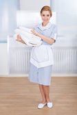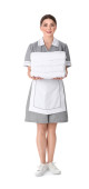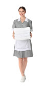 Zdjęcie "Szczęśliwa młoda pokojówka gospodarstwa ręczniki" może być wykorzystywane do celów osobistych i komercyjnych zgodnie z warunkami zakupionej licencji Royalty-free. Obraz jest dostępny do pobrania w jakości wysokiej rozdzielczości do 5760x3840.
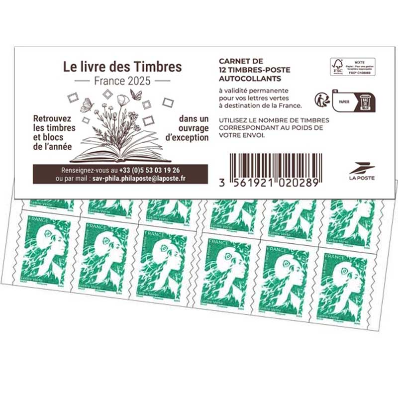 | Description | Carnet guichet - Carré d'encre - de 12 timbres autoadhésifs pour lettres vertes de 20 g |
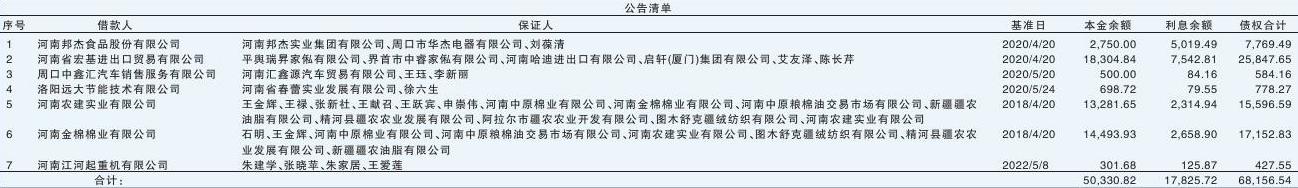 根据中原资产管理有限公司(以下简称“中原资产”)与河南中控发展有限公司达成的《资产转让协议》,中原资产已将其对下列公告清单所列借款人及其担保人享有的主债权及担保合同项下的全部债权(包括但不限于抵债协议、还款协议和其他相关协议以及担保债权、违约金债权、损失赔偿权、利息债权、转让方已经缴纳的诉讼费、保全费等项下的全部权利)依法转让给了河南中控发展有限公司。中原资产与河南中控发展有限公司特公告通知各借款人、担保人以及其他相关各方,自公告之日起立即向河南中控发展有限公司履行还本付息义务或承担相应的担保责任。 河南中控发展有限公司作为下列债权的受让方,现公告要求公告清单所列借款人及其担保人(含相关承债主体、清算主体),自公告之日起立即向河南中控发展有限公司履行主债权合同及担保合同约定的还本付息义务或承担相应的担保责任。特此公告。(单位:人民币/万元) 中原资产管理有限公司 河南中控发展有限公司 2023年12月14日 中原资产联系方式: 地址:郑州市郑东新区龙湖金融岛中环路4号19号楼中原资产大厦 联系人:雷先生电话:0371-61779618 河南中控发展有限公司联系方式: 地址:周口市文昌大道东段招商大厦22楼 联系人:杜先生电话:18939410350 联系人:张先生电话:18238911688 注:1.本公告清单列示各债权基准日的贷款本金、利息余额。借款人和担保人(含相关承债主体、清算主体)应支付给河南中控发展有限公司的债务金额按借款合同、担保合同、抵债协议、还款协议和其他相关协议及中国人民银行的有关规定或生效法律文书确定的方法计算;已经进入诉讼程序并已由中原资产垫付的应由借款人及/或担保人、承债主体、清算主体负担的诉讼费、律师费等以有关法律文书确定的金额为准。2.若借款人、担保人因各种原因更名、改制、歇业、吊销营业执照或丧失民事主体资格的,请相关承债主体及/或主管部门代为履行义务或履行清算责任。3.下列主债务人、担保人如有疑问,请与中原资产或河南中控发展有限公司联系。4.本公告如有漏登、错登,以实际债权凭证为准。 |

● ● ●

Please print the span that begins at the line holding "vertes de 20 g |" and ends at the last line of the data, both ends included, with no pictures.

 | Description | Carnet guichet - Carré d'encre - de 12 timbres autoadhésifs pour lettres vertes de 20 g |
 根据中原资产管理有限公司(以下简称“中原资产”)与河南中控发展有限公司达成的《资产转让协议》,中原资产已将其对下列公告清单所列借款人及其担保人享有的主债权及担保合同项下的全部债权(包括但不限于抵债协议、还款协议和其他相关协议以及担保债权、违约金债权、损失赔偿权、利息债权、转让方已经缴纳的诉讼费、保全费等项下的全部权利)依法转让给了河南中控发展有限公司。中原资产与河南中控发展有限公司特公告通知各借款人、担保人以及其他相关各方,自公告之日起立即向河南中控发展有限公司履行还本付息义务或承担相应的担保责任。 河南中控发展有限公司作为下列债权的受让方,现公告要求公告清单所列借款人及其担保人(含相关承债主体、清算主体),自公告之日起立即向河南中控发展有限公司履行主债权合同及担保合同约定的还本付息义务或承担相应的担保责任。特此公告。(单位:人民币/万元) 中原资产管理有限公司 河南中控发展有限公司 2023年12月14日 中原资产联系方式: 地址:郑州市郑东新区龙湖金融岛中环路4号19号楼中原资产大厦 联系人:雷先生电话:0371-61779618 河南中控发展有限公司联系方式: 地址:周口市文昌大道东段招商大厦22楼 联系人:杜先生电话:18939410350 联系人:张先生电话:18238911688 注:1.本公告清单列示各债权基准日的贷款本金、利息余额。借款人和担保人(含相关承债主体、清算主体)应支付给河南中控发展有限公司的债务金额按借款合同、担保合同、抵债协议、还款协议和其他相关协议及中国人民银行的有关规定或生效法律文书确定的方法计算;已经进入诉讼程序并已由中原资产垫付的应由借款人及/或担保人、承债主体、清算主体负担的诉讼费、律师费等以有关法律文书确定的金额为准。2.若借款人、担保人因各种原因更名、改制、歇业、吊销营业执照或丧失民事主体资格的,请相关承债主体及/或主管部门代为履行义务或履行清算责任。3.下列主债务人、担保人如有疑问,请与中原资产或河南中控发展有限公司联系。4.本公告如有漏登、错登,以实际债权凭证为准。 |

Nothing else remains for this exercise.